## Records excerpted from a collection
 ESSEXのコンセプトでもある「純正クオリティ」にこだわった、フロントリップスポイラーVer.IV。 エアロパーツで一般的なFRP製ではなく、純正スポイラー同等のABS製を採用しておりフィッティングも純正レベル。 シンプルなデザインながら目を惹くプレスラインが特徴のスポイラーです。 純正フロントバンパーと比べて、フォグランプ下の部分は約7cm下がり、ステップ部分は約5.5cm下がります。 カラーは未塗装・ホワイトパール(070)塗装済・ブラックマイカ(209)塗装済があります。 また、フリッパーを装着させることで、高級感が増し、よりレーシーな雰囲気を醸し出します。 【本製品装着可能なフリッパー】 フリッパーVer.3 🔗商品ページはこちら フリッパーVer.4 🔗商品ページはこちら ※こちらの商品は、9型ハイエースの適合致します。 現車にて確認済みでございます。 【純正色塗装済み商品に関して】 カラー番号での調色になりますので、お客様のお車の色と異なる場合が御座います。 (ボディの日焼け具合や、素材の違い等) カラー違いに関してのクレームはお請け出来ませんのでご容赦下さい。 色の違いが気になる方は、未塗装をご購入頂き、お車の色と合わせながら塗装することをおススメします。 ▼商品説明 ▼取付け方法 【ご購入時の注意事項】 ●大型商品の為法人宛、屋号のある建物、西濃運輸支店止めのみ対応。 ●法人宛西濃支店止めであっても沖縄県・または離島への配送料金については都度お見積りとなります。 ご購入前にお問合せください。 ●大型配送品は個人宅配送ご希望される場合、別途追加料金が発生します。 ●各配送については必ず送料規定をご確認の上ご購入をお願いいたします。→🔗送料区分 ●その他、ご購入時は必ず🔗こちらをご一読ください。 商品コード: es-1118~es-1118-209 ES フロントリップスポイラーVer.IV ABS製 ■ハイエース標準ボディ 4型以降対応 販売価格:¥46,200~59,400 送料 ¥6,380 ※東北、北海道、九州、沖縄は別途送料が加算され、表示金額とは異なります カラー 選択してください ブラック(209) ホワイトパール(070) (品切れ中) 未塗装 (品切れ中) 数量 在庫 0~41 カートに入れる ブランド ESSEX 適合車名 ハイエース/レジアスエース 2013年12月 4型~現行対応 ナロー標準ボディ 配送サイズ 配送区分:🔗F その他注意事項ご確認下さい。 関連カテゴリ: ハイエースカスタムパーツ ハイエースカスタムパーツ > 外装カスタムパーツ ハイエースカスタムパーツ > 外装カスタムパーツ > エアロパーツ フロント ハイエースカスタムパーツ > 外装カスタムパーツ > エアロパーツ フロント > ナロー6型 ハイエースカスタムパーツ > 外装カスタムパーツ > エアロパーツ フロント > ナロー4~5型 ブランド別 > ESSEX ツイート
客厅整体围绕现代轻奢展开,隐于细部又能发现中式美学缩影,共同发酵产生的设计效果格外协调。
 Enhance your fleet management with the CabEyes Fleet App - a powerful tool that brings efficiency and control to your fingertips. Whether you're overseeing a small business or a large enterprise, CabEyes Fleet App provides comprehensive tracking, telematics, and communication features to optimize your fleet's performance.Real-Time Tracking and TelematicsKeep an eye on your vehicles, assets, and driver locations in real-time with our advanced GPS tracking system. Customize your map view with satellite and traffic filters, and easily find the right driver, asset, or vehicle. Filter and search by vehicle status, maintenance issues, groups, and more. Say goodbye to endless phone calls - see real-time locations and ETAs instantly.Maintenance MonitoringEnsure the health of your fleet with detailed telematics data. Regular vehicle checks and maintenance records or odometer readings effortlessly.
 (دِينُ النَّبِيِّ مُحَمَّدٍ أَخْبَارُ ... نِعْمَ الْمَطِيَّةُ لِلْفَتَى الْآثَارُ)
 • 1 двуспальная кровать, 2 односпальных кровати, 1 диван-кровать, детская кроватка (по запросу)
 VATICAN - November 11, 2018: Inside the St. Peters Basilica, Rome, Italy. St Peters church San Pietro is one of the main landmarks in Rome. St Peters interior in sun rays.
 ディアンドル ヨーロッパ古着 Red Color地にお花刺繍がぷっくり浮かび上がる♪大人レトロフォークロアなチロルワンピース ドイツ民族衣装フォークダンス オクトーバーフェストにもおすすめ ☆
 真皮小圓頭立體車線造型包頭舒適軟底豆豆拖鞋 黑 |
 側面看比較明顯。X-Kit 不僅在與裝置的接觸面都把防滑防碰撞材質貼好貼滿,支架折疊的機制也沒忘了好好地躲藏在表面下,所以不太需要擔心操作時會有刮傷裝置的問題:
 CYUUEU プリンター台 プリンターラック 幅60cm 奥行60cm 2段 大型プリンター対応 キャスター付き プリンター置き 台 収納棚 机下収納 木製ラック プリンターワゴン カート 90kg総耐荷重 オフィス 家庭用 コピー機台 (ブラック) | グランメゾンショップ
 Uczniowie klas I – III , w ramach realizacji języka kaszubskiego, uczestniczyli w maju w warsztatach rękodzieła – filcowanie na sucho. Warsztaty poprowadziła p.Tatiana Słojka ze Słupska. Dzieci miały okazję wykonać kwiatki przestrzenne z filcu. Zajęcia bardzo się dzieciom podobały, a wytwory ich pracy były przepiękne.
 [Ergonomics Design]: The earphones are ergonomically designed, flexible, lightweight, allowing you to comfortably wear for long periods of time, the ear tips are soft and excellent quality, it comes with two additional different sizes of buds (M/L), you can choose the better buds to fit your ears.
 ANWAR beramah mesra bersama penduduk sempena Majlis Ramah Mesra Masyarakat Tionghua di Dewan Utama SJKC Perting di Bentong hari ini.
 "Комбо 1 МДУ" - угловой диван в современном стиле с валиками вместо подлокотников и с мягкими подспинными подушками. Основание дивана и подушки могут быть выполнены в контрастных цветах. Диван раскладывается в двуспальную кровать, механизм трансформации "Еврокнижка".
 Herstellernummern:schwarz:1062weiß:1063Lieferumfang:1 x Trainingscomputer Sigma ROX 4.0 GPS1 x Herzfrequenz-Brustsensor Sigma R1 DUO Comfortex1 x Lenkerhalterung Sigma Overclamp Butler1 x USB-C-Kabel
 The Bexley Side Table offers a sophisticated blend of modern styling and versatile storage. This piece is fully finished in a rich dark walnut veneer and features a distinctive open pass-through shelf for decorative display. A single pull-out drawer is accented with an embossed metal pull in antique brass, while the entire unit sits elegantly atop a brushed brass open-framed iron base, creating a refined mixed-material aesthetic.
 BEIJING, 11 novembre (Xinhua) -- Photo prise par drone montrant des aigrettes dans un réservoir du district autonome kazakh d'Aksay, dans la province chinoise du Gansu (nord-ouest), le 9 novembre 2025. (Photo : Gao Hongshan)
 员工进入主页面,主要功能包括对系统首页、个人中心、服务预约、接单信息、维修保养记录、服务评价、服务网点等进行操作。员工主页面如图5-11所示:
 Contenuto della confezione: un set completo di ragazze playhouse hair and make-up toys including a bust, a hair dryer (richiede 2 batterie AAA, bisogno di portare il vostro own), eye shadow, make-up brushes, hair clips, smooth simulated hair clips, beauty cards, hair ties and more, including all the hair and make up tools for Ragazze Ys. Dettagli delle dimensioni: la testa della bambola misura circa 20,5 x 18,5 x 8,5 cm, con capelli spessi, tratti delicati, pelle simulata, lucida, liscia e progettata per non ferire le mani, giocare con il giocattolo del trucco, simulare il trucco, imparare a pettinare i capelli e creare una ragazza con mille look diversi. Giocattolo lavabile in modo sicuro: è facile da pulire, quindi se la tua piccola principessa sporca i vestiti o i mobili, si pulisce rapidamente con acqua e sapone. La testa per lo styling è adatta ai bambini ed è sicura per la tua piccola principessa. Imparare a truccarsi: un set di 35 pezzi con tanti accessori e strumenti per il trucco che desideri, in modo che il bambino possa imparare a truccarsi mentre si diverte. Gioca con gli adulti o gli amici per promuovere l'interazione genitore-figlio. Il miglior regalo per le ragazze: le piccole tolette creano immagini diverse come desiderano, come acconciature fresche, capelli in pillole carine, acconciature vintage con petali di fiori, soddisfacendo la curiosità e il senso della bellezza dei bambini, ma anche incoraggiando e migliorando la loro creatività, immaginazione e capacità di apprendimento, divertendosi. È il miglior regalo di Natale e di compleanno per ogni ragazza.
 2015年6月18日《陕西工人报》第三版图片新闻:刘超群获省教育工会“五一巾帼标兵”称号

## About this task
Above are the records; print exactly the lines from the line with "Enhance your fleet" to the line with "(دِينُ النَّبِيِّ مُحَمَّدٍ", including both, and nothing else.

## Answer for this exercise
 Enhance your fleet management with the CabEyes Fleet App - a powerful tool that brings efficiency and control to your fingertips. Whether you're overseeing a small business or a large enterprise, CabEyes Fleet App provides comprehensive tracking, telematics, and communication features to optimize your fleet's performance.Real-Time Tracking and TelematicsKeep an eye on your vehicles, assets, and driver locations in real-time with our advanced GPS tracking system. Customize your map view with satellite and traffic filters, and easily find the right driver, asset, or vehicle. Filter and search by vehicle status, maintenance issues, groups, and more. Say goodbye to endless phone calls - see real-time locations and ETAs instantly.Maintenance MonitoringEnsure the health of your fleet with detailed telematics data. Regular vehicle checks and maintenance records or odometer readings effortlessly.
 (دِينُ النَّبِيِّ مُحَمَّدٍ أَخْبَارُ ... نِعْمَ الْمَطِيَّةُ لِلْفَتَى الْآثَارُ)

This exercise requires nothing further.